The disclosure relates to a neural core, a neural processing device including the same, and a method for loading data of the neural processing device. More particularly, the disclosure relates to a neural core, a neural processing device including the same, and a method for loading data of the neural processing device, which are capable of executing instructions of high utilization during data loading.

For the last few years, artificial intelligence technology has been the core technology of the Fourth Industrial Revolution and the subject of discussion as the most promising technology worldwide. The biggest problem with artificial intelligence technology is computing performance. For artificial intelligence technology to realize a level of human learning ability, reasoning ability, perceptual ability, natural language implementation ability, etc., it is of the utmost importance to process a large amount of data quickly.

The central processing unit (CPU) or graphics processing unit (GPU) of off-the-shelf computers was used to implement deep-learning training and inference in early artificial intelligence, but these components had limitations in their ability to perform the tasks of deep-learning training and inference with high workloads. Thus, neural processing units (NPUs) that are structurally specialized for deep learning tasks have received a lot of attention.

In particular, data are frequently loaded in the deep-learning training and inference of such a neural processing unit, and a lot of time and resources may be allocated to such a load task. Therefore, various methods for improving the efficiency of a load task are being discussed.

The description set forth in the background section should not be assumed to be prior art merely because it is set forth in the background section. The background section may describe aspects or embodiments of the disclosure.

Aspects of the disclosure provide a neural core capable of performing frequently used operations during a data loading process.

Aspects of the disclosure provide a neural processing device capable of performing frequently used operations during a data loading process.

Aspects of the disclosure provide a method for loading data of a neural processing device capable of performing frequently used operations during a data loading process.

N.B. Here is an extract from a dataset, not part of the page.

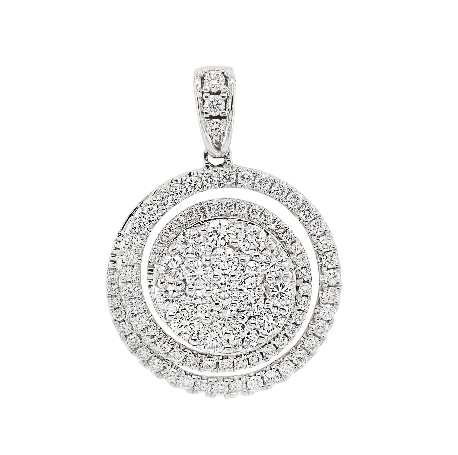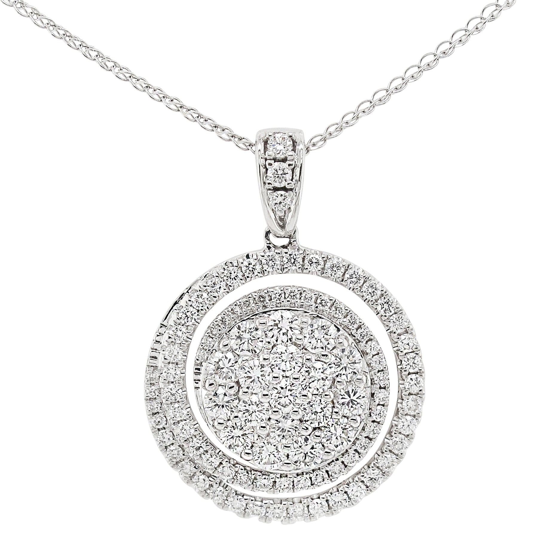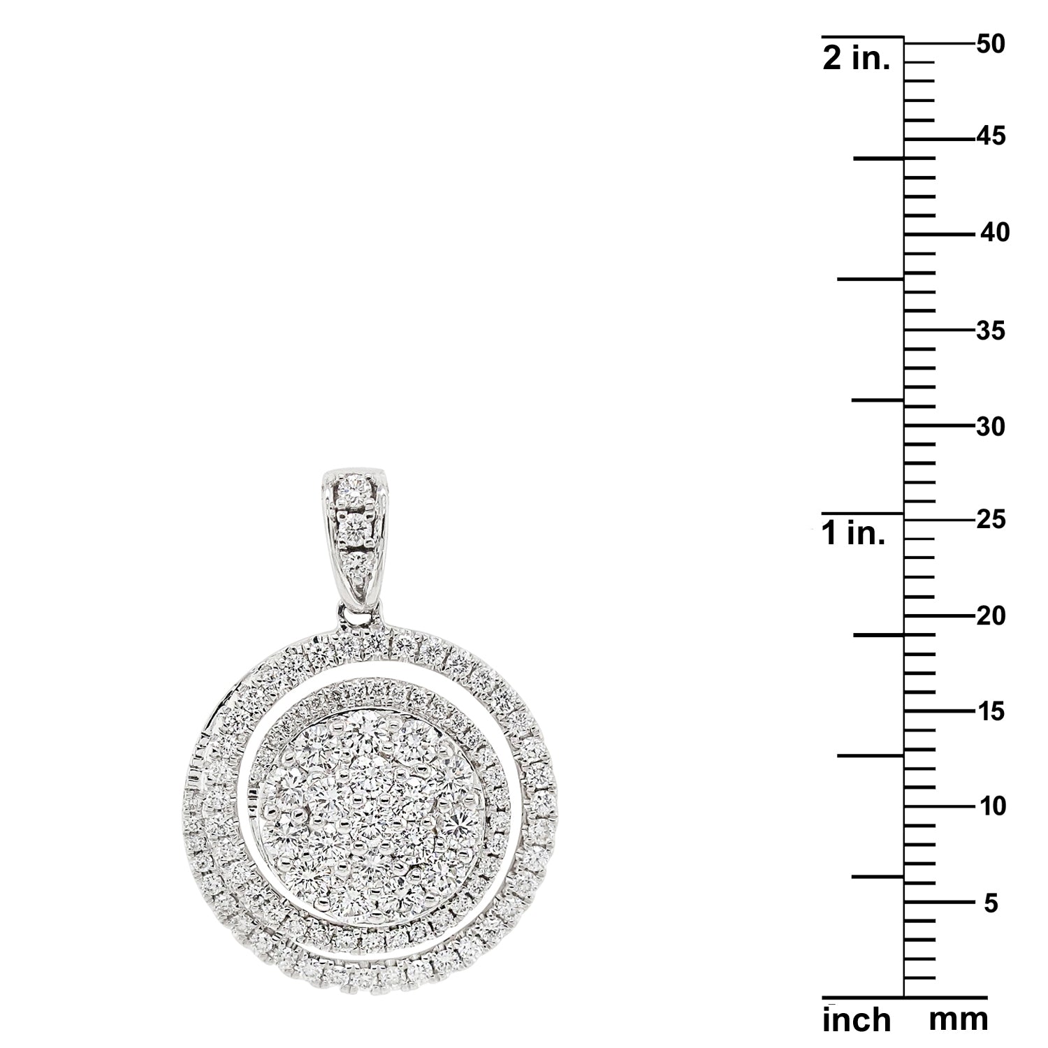 Dimaya 18k White Gold 1-3/8ct White Diamond Round Swirl Pendant Necklace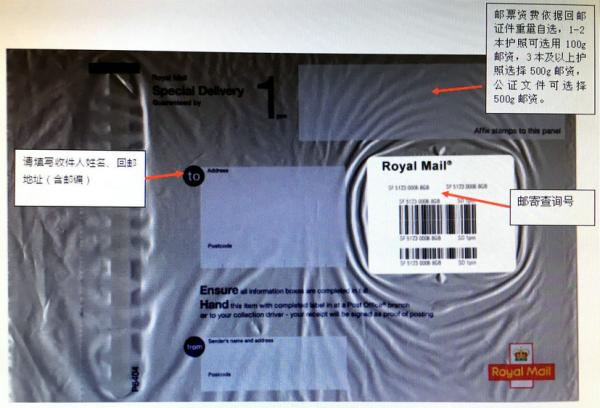 (一)寄往总领馆的信封要求:因证件涉及个人重要信息,防止丢失或误投,请务必选用英国皇家邮政(Royal Mail)Special Delivery邮寄服务。

According to some aspects of the disclosure, a neural core comprises a processing unit configured to perform operations, an L0 memory configured to store input data and a load/store unit (LSU) configured to perform a load task and a store task of data between the processing unit and the L0 memory, wherein the LSU comprises a local memory load unit configured to transmit the input data in the L0 memory to the processing unit, and the local memory load unit comprises a target decision module configured to identify and retrieve the input data in the L0 memory, a transformation logic configured to transform the input data and thereby generate transformed data and an output first in first out (FIFO) configured to receive the transformed data and transmit the transformed data to the processing unit in the received order.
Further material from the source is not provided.